### ASSIGNMENT:
Give again, word for word, every line below from the one that has "- Potent Blend: Our" through the one that has "BM 61 - Set", both included, and no others.

### MATERIAL TO PROCESS:
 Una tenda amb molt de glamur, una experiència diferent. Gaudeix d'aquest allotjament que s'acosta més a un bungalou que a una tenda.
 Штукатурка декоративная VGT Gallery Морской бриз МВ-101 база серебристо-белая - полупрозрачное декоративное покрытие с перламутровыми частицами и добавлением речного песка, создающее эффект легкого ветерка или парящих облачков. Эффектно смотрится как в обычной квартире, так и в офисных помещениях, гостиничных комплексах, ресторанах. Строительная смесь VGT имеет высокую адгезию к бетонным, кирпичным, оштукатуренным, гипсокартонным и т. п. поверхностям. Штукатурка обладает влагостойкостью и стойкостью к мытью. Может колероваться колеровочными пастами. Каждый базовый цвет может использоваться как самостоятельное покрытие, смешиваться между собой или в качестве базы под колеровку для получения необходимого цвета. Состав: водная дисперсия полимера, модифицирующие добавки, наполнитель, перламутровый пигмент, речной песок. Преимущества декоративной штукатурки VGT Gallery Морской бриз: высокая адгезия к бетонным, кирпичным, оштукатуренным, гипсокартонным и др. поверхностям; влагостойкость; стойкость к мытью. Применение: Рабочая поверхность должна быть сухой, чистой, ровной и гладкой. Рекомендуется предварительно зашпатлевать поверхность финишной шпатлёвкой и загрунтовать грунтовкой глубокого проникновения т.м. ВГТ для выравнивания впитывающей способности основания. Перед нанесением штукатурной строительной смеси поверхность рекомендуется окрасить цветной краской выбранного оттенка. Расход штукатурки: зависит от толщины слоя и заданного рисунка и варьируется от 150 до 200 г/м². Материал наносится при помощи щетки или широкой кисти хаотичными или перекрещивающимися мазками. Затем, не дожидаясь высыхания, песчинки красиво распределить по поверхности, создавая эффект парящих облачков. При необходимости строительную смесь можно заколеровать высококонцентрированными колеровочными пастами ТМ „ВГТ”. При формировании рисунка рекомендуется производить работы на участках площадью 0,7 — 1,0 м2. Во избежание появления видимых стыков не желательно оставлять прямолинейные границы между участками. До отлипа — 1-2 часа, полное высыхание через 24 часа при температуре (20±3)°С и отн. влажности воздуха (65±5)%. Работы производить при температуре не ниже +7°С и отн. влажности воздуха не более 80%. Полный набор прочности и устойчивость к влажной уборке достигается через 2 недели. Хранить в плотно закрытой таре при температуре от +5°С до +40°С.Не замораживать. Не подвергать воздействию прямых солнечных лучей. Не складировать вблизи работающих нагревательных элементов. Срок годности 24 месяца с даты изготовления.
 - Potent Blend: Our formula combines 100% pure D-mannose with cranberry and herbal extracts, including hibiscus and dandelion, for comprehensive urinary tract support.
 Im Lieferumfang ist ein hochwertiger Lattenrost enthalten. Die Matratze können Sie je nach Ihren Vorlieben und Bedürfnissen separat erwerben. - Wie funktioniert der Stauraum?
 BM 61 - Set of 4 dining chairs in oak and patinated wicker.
---
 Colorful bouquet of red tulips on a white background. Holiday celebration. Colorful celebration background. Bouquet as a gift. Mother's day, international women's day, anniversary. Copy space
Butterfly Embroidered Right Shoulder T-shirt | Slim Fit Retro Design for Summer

### RESULT OF THE EXERCISE:
 - Potent Blend: Our formula combines 100% pure D-mannose with cranberry and herbal extracts, including hibiscus and dandelion, for comprehensive urinary tract support.
 Im Lieferumfang ist ein hochwertiger Lattenrost enthalten. Die Matratze können Sie je nach Ihren Vorlieben und Bedürfnissen separat erwerben. - Wie funktioniert der Stauraum?
 BM 61 - Set of 4 dining chairs in oak and patinated wicker.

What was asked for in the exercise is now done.